Wansdyke was a constituency represented in the House of Commons of the UK Parliament. It elected one Member of Parliament (MP) by the first past the post system of election.

The constituency was created for the 1983 general election, and abolished at the 2010 general election.

== History ==
Until 1997, it was a safe seat for the Conservative Party. It then became a Labour-held marginal until its abolition.

== Boundaries ==
1983–1997: The District of Wansdyke wards of Bathampton, Batheaston, Bathford, Camerton, Charlcombe, Freshford, Hinton Charterhouse, Keynsham East, Keynsham North, Keynsham South, Keynsham West, Midsomer Norton North, Midsomer Norton Redfield, Newton St Loe, Peasedown St John, Radstock, Saltford, and Westfield, and the District of Kingswood wards of Badminton, Bitton North Common, Bitton Oldland Common, Bitton South, Blackhorse, Bromley Heath, Hanham Abbots East, Hanham Abbots West, Oldland Cadbury Heath, Oldland Longwell Green, Siston, and Springfield.

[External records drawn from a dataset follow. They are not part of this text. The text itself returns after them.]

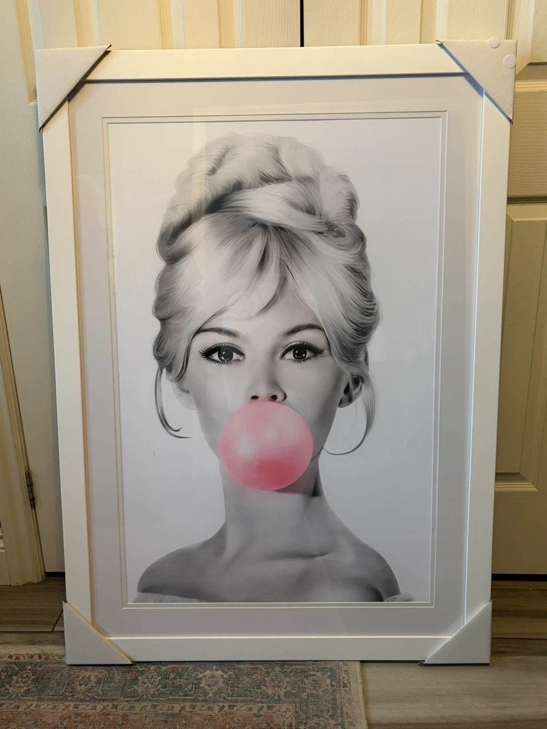 Framed black and white art print of a woman blowing a pink bubble gum. The frame is white and comes with protective corner guards. It's a stylish piece for any room!
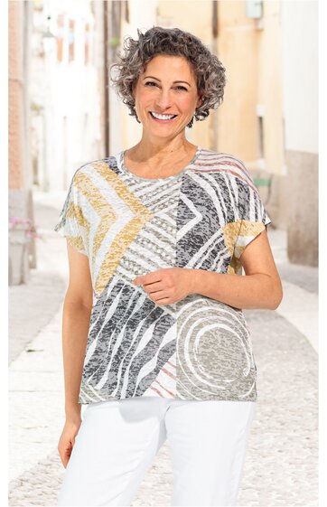 Attraktives Jersey-Shirt mit grafischem Druck auf lebhafter Ausbrenner-Qualität. Rundhals-Ausschnitt, angeschnittener Kurzarm.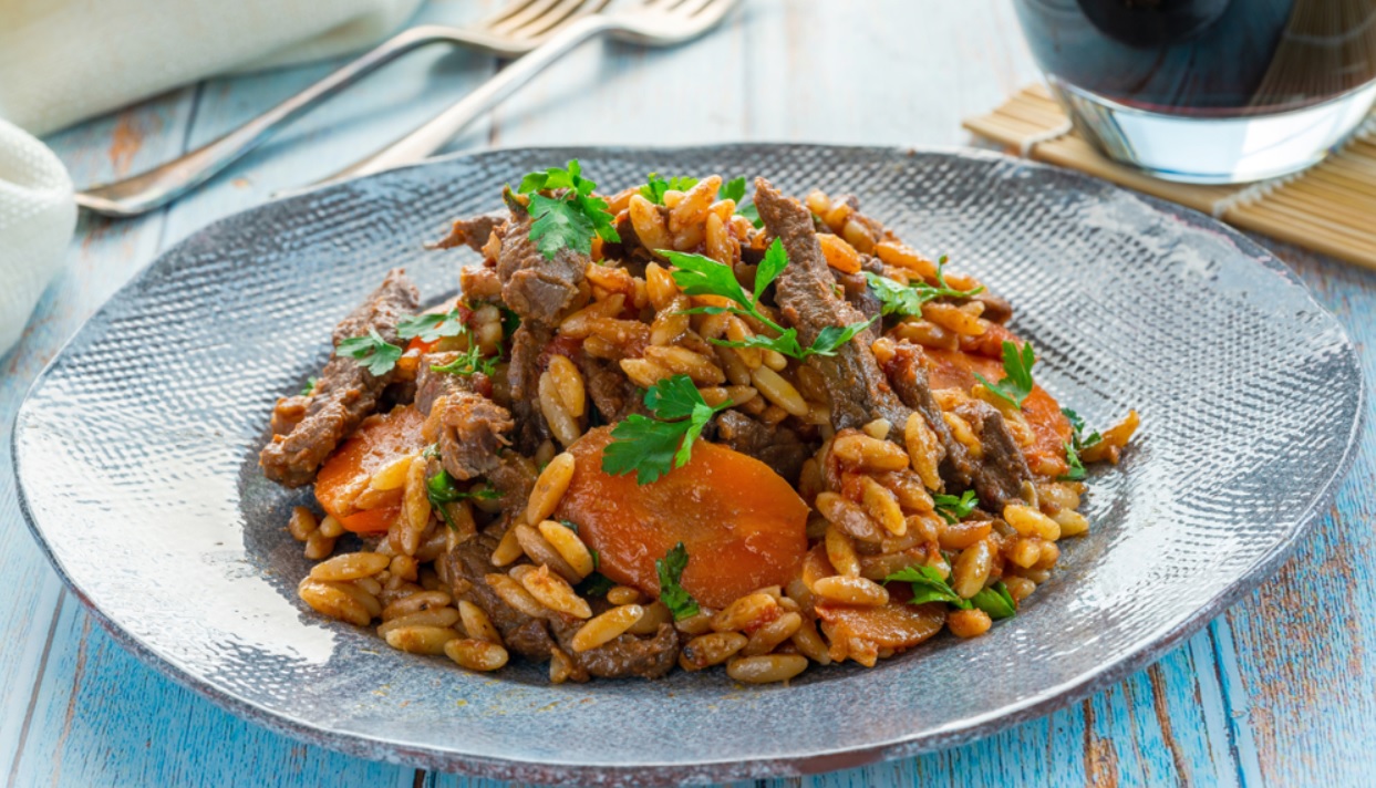 Συνταγή για κριθαράκι με κρέας μαγειρευτό, ένα γιουβέτσι κατσαρόλας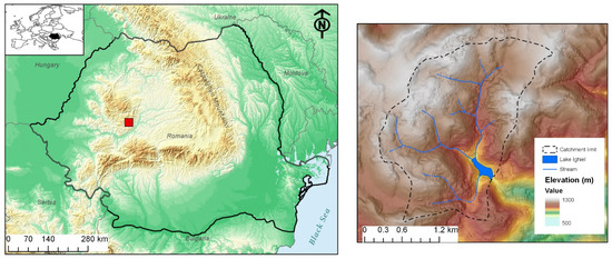 Lake Ighiel is a karst lake located in the Apuseni Mountains (Romania) at 924 m above sea level (Figure 1). It has a small catchment area that comprises Jurassic limestones, but the southern inflow to the lake drains an area of Mesozoic molasse and volcanic rocks (diabase). Over time, changes in vegetation cover and the development of erosional features have occurred within the catchment; a detailed description is provided in References [5,41].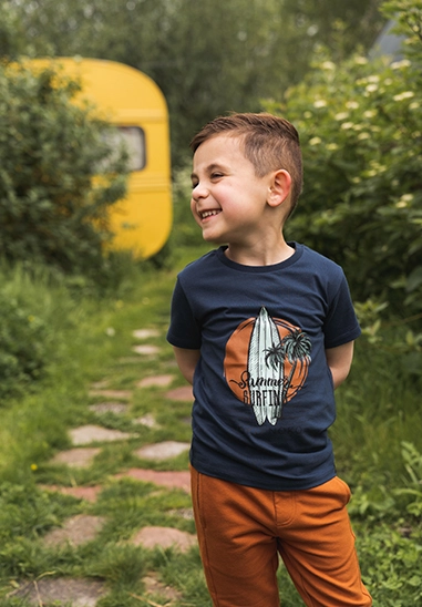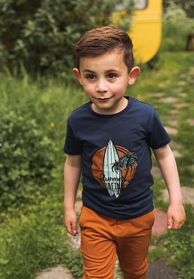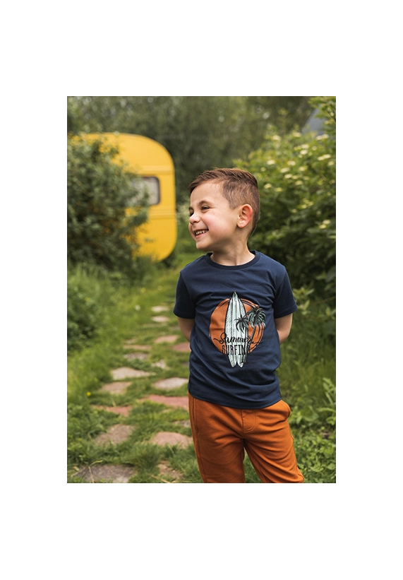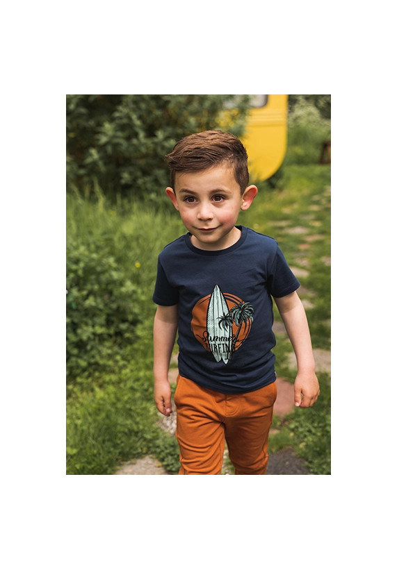 Verkrijgbaar in de kleur donker blauw met opdruk.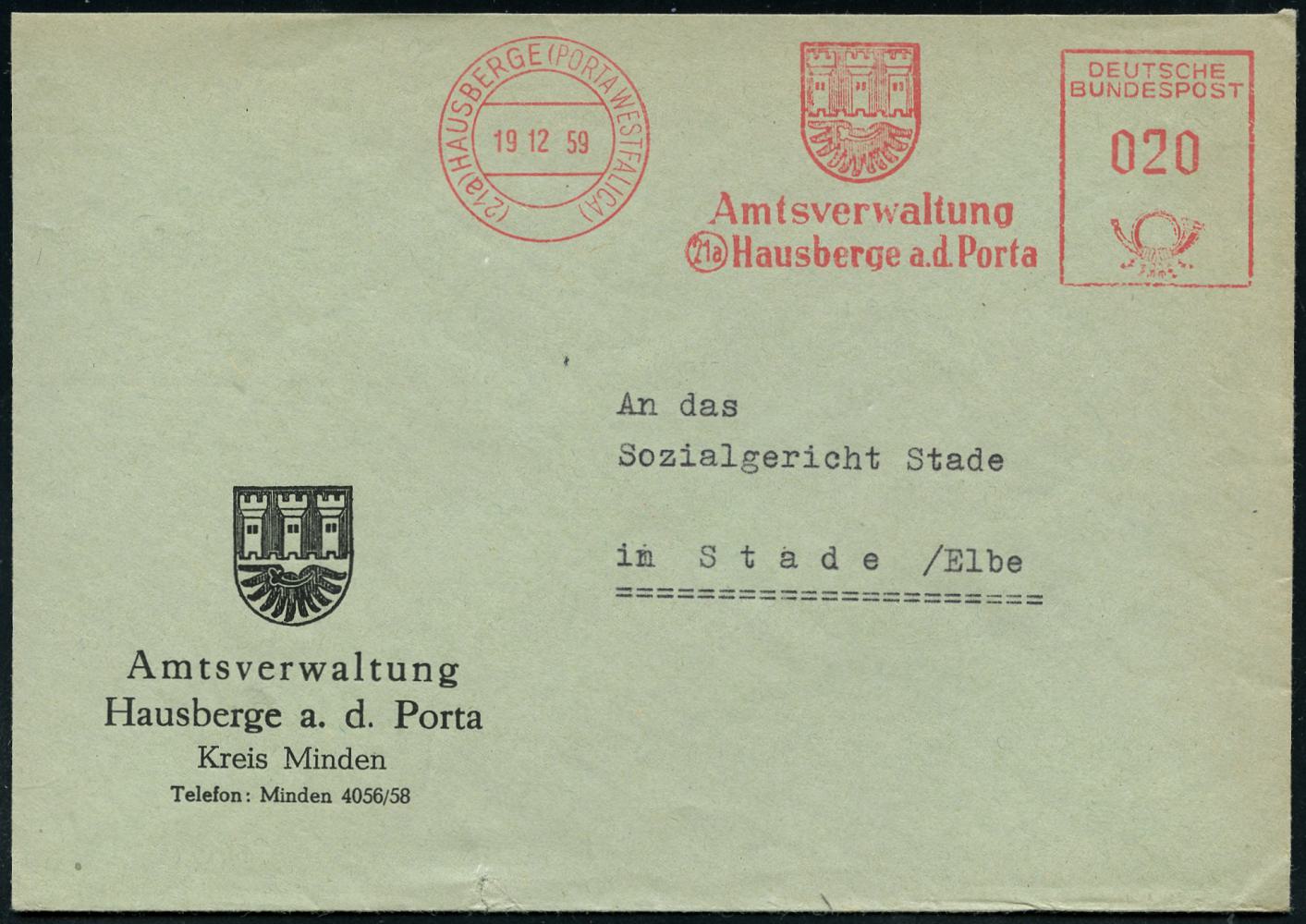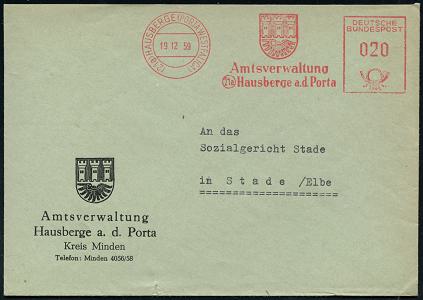 8803 | 10 € | PL-Raum 49.. (ohne Herford) : (21a) HAUSBERGE (PORTA WESTFALICA)/ Amtsverwaltung.. 1959 (19.12.) AFS Francotyp "Posthorn" (Stadtwappen) motivgl. Kommunal-Bf. (Dü.E-23CG) | ![]() | |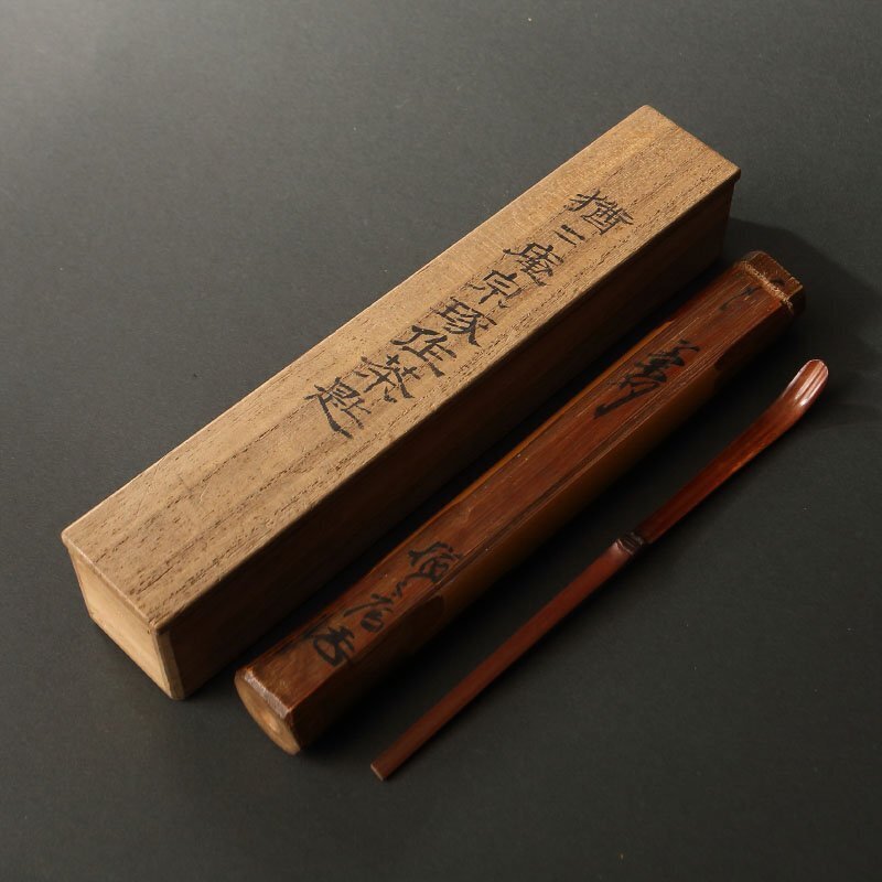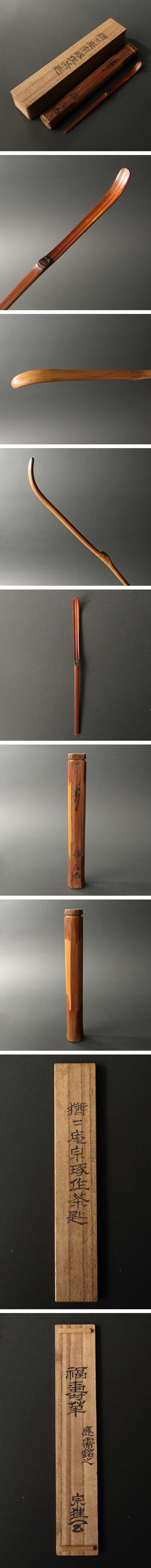 大地宗琢 竹茶杓 宗桂箱書 共筒 銘「福寿草」(茶道具 竹工芸 竹細工 抹茶 さじ 点前 茶人 茶の湯 )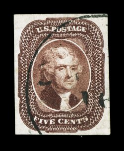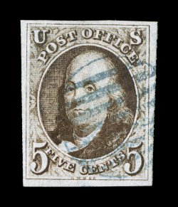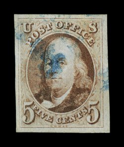 1 Ou 1 image#1, 5c Red brown, a lovely used single possessing particularly large margins all around, deep rich color and detailed impression as well, light blue cancel, extremely fine; encapsulated PSE certificate (XF 90; SMQ $960.00). (Image) $600.00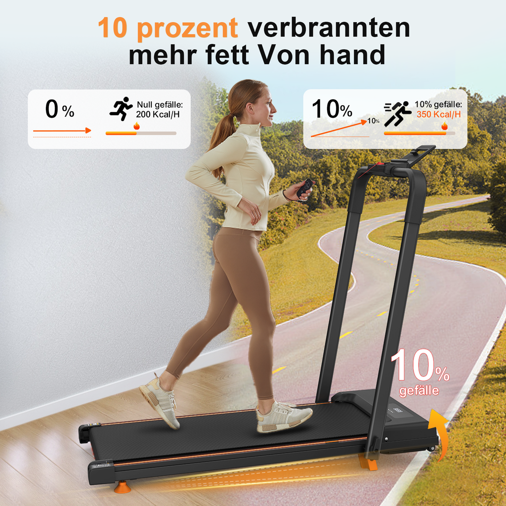 4-IN-1 WALKING, WORKSTATION, AND RUNNING: 3-in-1 folding under-desk treadmill with running mode speeds from 1 to 12 km/h, workstation mode speeds from 1 to 6 km/h, and walking mode speeds from 1 to 6 km/h. The 10% incline home treadmill simulates climbing scenarios more realistically than other home treadmills and burns more calories. It's perfect for walking, jogging, working, and running.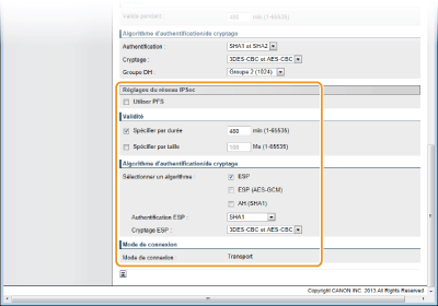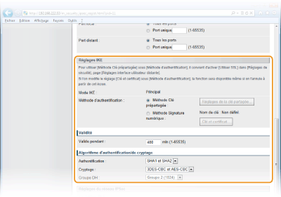 Spécifiez les réglages [Valide pendant ] et [Authentification ]/[Cryptage ]/[Groupe DH ]

1997–2010: The District of Wansdyke wards of Cameley, Camerton, Chew Magna, Chew Stoke, Clutton, Compton Dando, Farmborough, Harptrees, High Littleton, Hinton Charterhouse, Keynsham East, Keynsham North, Keynsham South, Keynsham West, Midsomer Norton North, Midsomer Norton Redfield, Newton St Loe, Paulton, Peasedown St John, Publow, Radstock, Saltford, Stowey Sutton, Timsbury, and Westfield, and the Borough of Kingswood wards of Bitton North Common, Bitton Oldland Common, Bitton South, Hanham Abbots East, and Hanham Abbots West.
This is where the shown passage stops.